4.3.19 In our view the costs of staff time for collating information to answer FOI requests should not be passed on to those making the request. Such a policy may encourage bodies holding information to post more information on websites to avoid receiving so many requests as well as to improve their recordkeeping and filing systems so that information can be accessed more efficiently. In paragraph 4.3.8 above we provide an example an information request that could have been avoided altogether if the relevant report had been posted on the GMI website in the first place.

4.3.20 We would recommend that charges for FOI requests are kept to a minimum to cover copying (ie cost price per sheet). Where possible documents should be provided free of charge in an electronic format if requested (not all petitioners can use electronic information). Given the potential for the FOI Act to create more open and democratic systems of government, we believe that the costs of administration of FOI requests should be borne by central government so that price is not a barrier to obtaining information for either the requester or those responding to the request.

Improving accountability

4.3.21 GM Freeze believes the FOI Act has made a small contribution to making politicians and public servants more accountable for their actions and policies, but there is still some way to go. There is still a risk that those seeking to hide their failures to carry out their duties in a lawful and efficient manner may also be able to influence national/public interest, data protection and commercial confidentiality tests or decisions. Using political reasons to justify not releasing information under the guise of national or public interest or data protection cannot be ruled out. It is therefore very important that decisions relating to release of information by public bodies can easily be challenged and reviewed by qualified persons with no involvement in the topic/issue covered by that request.

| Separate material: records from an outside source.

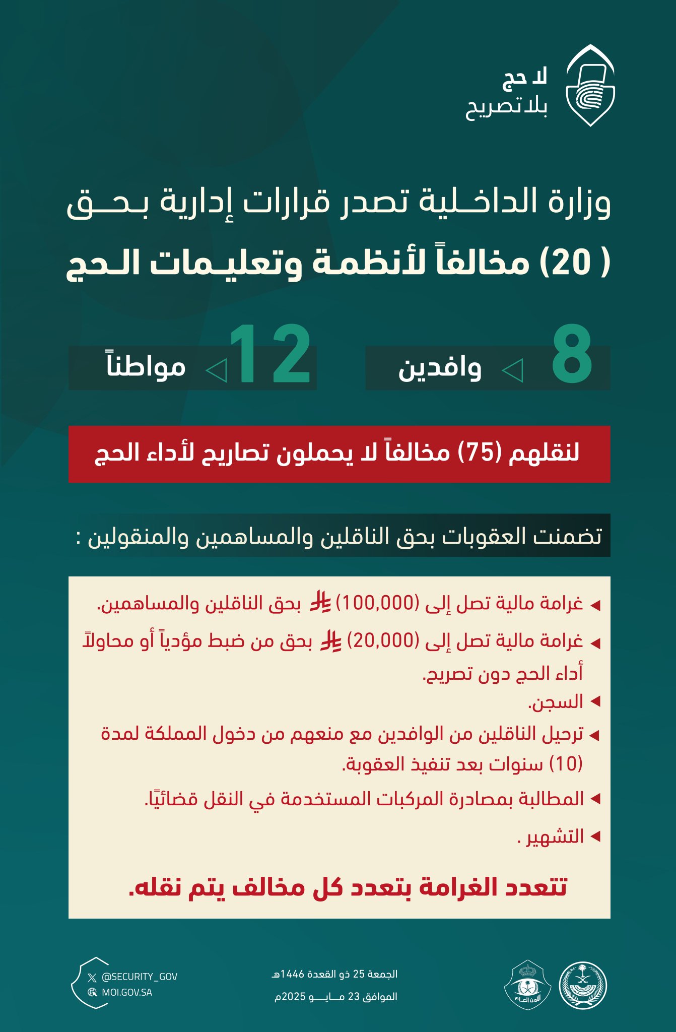 كما تم المطالبة بمصادرة المركبات المستخدمة في النقل قضائيًا، ومعاقبة من حاول أداء الحج دون تصريح بغرامة مالية تصل إلى (20,000) ريال.
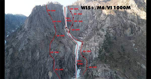 이 개념도는 신성훈씨가 그렸다. 기존 루트이자 현재 등반이 가능한 유일한 루트라고 할 수 있다. 토왕성폭포의 우벽과 좌벽은 과거 여름철 암벽등반 및 겨울철 믹스등반 대상지였다. 최근에는 여러 가지 이유로 등반이 되지 않았다. 지난 3월 14일(토) 블랙다이아몬드 도봉산점에서 열린 TIAD 다큐상영 및 보고회에서 알게 된 바에 따르면 약 5년 전 청죽산악회 심권식씨가 우벽에서 현재 그려진 것과 거의 흡사한 루트로 하켄을 사용해 등반했다. 신성훈씨는 이 외의 루트는 프로텍션 설치가 힘들고, 낙석의 우려가 있어 등반 가능성을 장담할 수 없다고 말했다.
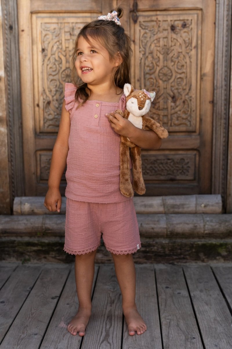 De hout-look knoopjes zorgen ervoor dat aan- en uitkleden makkelijk én stijlvol gaat. Gemaakt van biologisch katoen en Oeko-Tex gecertificeerd – voor een veilige en verantwoorde keuze, elke dag weer. Een zomers item dat moeiteloos combineert met een rokje of short, voor eindeloze dagen vol kleine ontdekkingen.
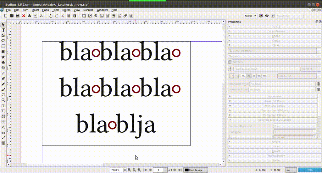 | Description | Environment: Linux Mint 16 "Petra" Version: Scribus 1.5.0 (https://launchpad.net/~scribus/+archive/ppa) Language: HU "Fixed Linespacing" and "Align Baseline". Incorrectly aligns the last line, if use "Adjust Frame Height to Text" function. Link this video: https://www.dropbox.com/s/3nljdgdrzgy810b/example.avi | ||||
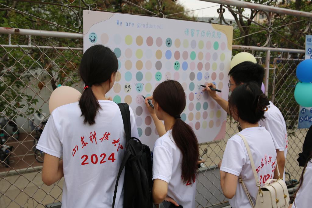 毕业生们正用画笔在画板上绘制着属于自己的笑脸。有的莞尔一笑,有的开怀大笑,他们将快乐与自信尽情展现在画板之上,为即将离校的自己留下了一份最靓丽、最难忘的回忆。这些笑脸画卷不仅记录了毕业生们的青春与活力,更传递了他们对未来的无限憧憬与坚定信念。
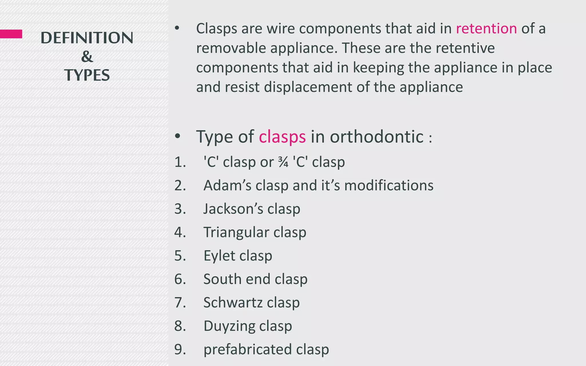 The document discusses various types of clasps used in orthodontic removable appliances for retention, including advantages and disadvantages for each type. It details the construction, applications, and limitations of clasps such as the 'C' clasp, adam's clasp, jackson's clasp, and others. Additionally, it addresses the specific uses and considerations for each clasp type in relation to tooth eruption and patient comfort.
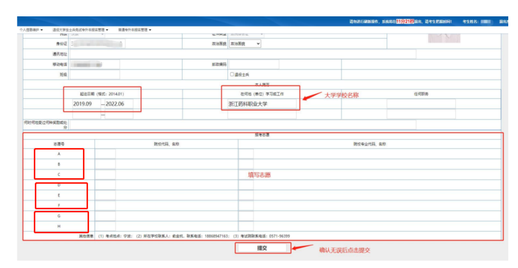 注: 符合条件的退役大学生士兵可兼报“普通专升本”和“免试专升本”进入相应的报名入口分别报名。
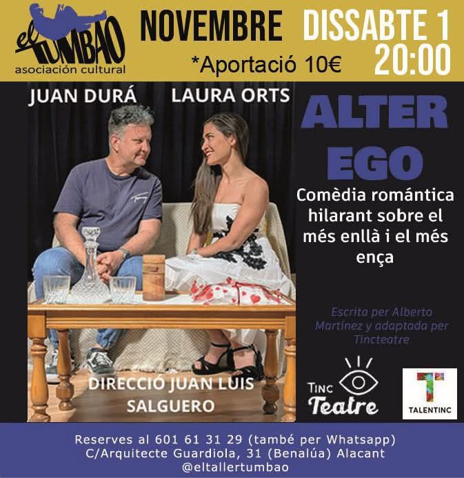 Alter ego Día: 01 de noviembre, sábado Hora: 20.00h Lugar: El Taller Tumbao (Alicante)
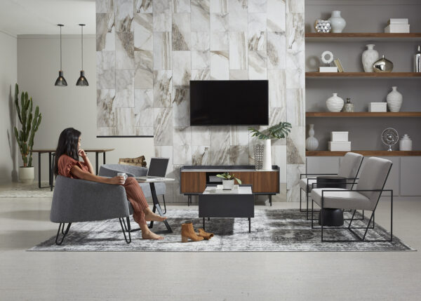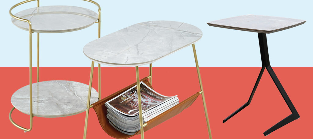 Holden’s gracefully contoured tops emulate the look and feel of fine marble while creating versatile storage and display options all over the home. The Pull-Up model is especially useful for turning any space into a more productive workspace… even the sofa. The more traditional occasional looks feature complementary golden trim to introduce a bit of nostalgia that is right on trend.
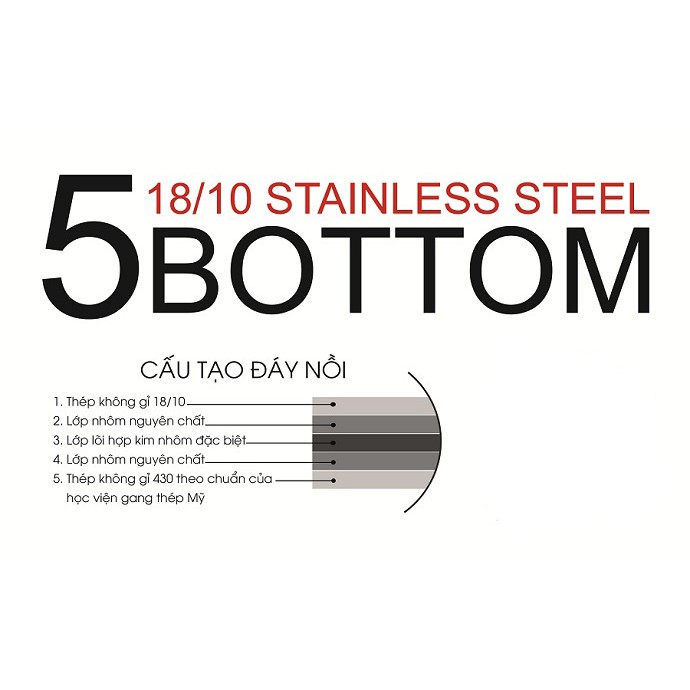 - Lớp ngoài cùng là inox 430 hay thép không gỉ 430 theo chuẩn của học viện gang thép Mỹ có đặc tính dẫn từ giúp cho nồi có thể sử dụng trên tất cả các loại bếp như bếp từ, bếp ga, bếp hồng ngoại…
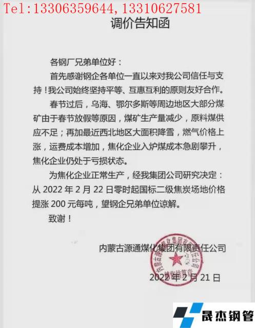 考慮運費等價格上漲,自2月22日零時起對二級焦炭價格上調200元/噸,具體內容如下:

At present the ICO perform this role based on their own guidance documents and some case law. The public interest test is applied on a case-by-case basis, and the explanations for refusal tend to be in legal language, which may not assist in providing a fully transparent answer or understanding.

4.3.22 In our view the public interest, national interest and commercial confidentiality tests should favour disclosure. In our experience do not. Those wishing to prevent the release of information should make the case for not releasing the information rather than vice versa.

Better decision making

4.3.23 From our perspective the existence of the FOI Act has made no difference to the quality of overall decision making on GMOs. We fear the public will become extremely sceptical about their ability to influence decisions, even when armed with the information that undermines or should change the current political thinking. Take, for example, the outstanding work on buffer zones near residential properties to protect residents from pesticide spray drift by Georgina Downs,(2) which was backed by the Royal Commission on Environmental Pollution only to be rejected by Defra. This illustrates very clearly that even with a very strong case a member of the public can find it impossible to change government policy because of the role of companies and other bodies with a vested interest in maintaining the status quo or protecting reputations. In the case of Georgina Downs the views of the pesticides companies and the Advisory Committee on Pesticides prevailed.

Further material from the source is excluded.